Пошли в соседнюю комнатку с кафельным бассейном. Стояли кружком, просили о милости.

– Вот, девочки, – сказал Василий Николаич, – отныне вы дети Божьи. Галя, Света, Ваня, Маша, вторая Маша. Маша, где ты?

– Иди, иди, дитятко. – Нюра вытолкнула меня вперед.

– …Просим Господа благословить…

«Что за имена называют? Имена новичков, что ли, не пойму…»

Василий Николаич поливает всем на голову и руки. Мне тоже полил.

«Боже, да меня крестят!»

В толпе шепот:

– Прохладно сегодня, осень надвигается, в купель не велел залезать.

Нас целуют и поздравляют, дарят Евангелие. Тут вбегает одна из Маш с какой-то женщиной и радостно восклицает:

– Маму привела посмотреть, как меня крестить будут.

Верующие в замешательстве. Василий Николаич все понял и идет к Нюре.

– Ты что-то напутала, сестра. Подослала не ту Машу. Эта ведь еще не готова. Второй раз только приехала!..

– Не ту, говоришь? Ту, Василь Николаич! Она еще дитем была – меня в беде не оставила. Сопровождала по бесовским логовам. Цветы моей Танюшке носила. Она божественная, моя Маша.

Впервые, уезжая из деревни, я не грустила о конце каникул. Этот август меня вымотал. По дороге к автобусу видела израсходованные бурной летней жизнью деревья и поля, – их состояние было похоже на мое.
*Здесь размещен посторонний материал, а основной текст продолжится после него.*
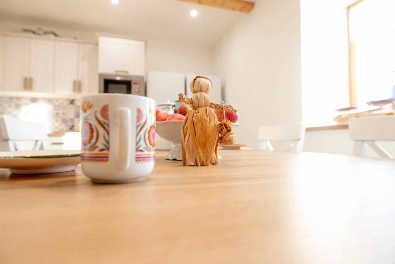 Prostorná a moderně zařízená společenská kuchyň nabízí veškeré potřebné vybavení pro pohodlné vaření a přípravu pokrmů. K dispozici vám je velká lednice, myčka nádobí, varná deska, trouba, mikrovlnná trouba, varné konvice. Místo jako stvořené pro kulinářské zážitky a setkávání s nejbližšími.

ХАДЖ ПЕРВЫЙ. ПИТЕР, ПИТЕР – ГОРОД ВИТИН

В Москве жила роботом: на уроках исписывала тетради цитатами и его бесконечным именем, после школы и до ночи – один Цой. Я почти не читала и совсем не училась. Моя жадная душа заснула, замерзла лягушкой подо льдом, – ей стало скучно со мной, упорной в своей однообразности. Едва ли не каждый день я покупала в ларьках новые и новые фотографии Витеньки. Ларьков было много, и с каждым днем выбор становился богаче. На моих стенах не осталось живого места, комната стала сплошным черно-белым пятном. Граница той части ногтя, которой можно царапать, и той, которая соединена с пальцем, стала извилиста от постоянного прикалывания фотографий к обоям: головка булавки въезжала под ноготь.

Однажды по телевизору объявили, что в полвторого ночи будет показан гала-концерт Цоя в Лужниках, последний его концерт в Москве. Тогда еще весь зал – сотни и сотни – поднялись с мест и пели вместе с ним. Целый день я ничего не могла делать, сидела и ждала вечера. Часов в двенадцать меня сморило, я завела будильник на час пятнадцать и легла. Просыпаюсь посреди ночи и понимаю, что проспала, будильник не звенел. Случилось худшее в моей жизни!.. Бегу на кухню – телевизор мертв – четыре часа. Впала в оцепенение.

Проснулись родители, вылезли из своих одиночных келий, две широких полосы света из их комнат скрестились. Наконец-то хоть в чем-то они были едины – их дочь пропадает.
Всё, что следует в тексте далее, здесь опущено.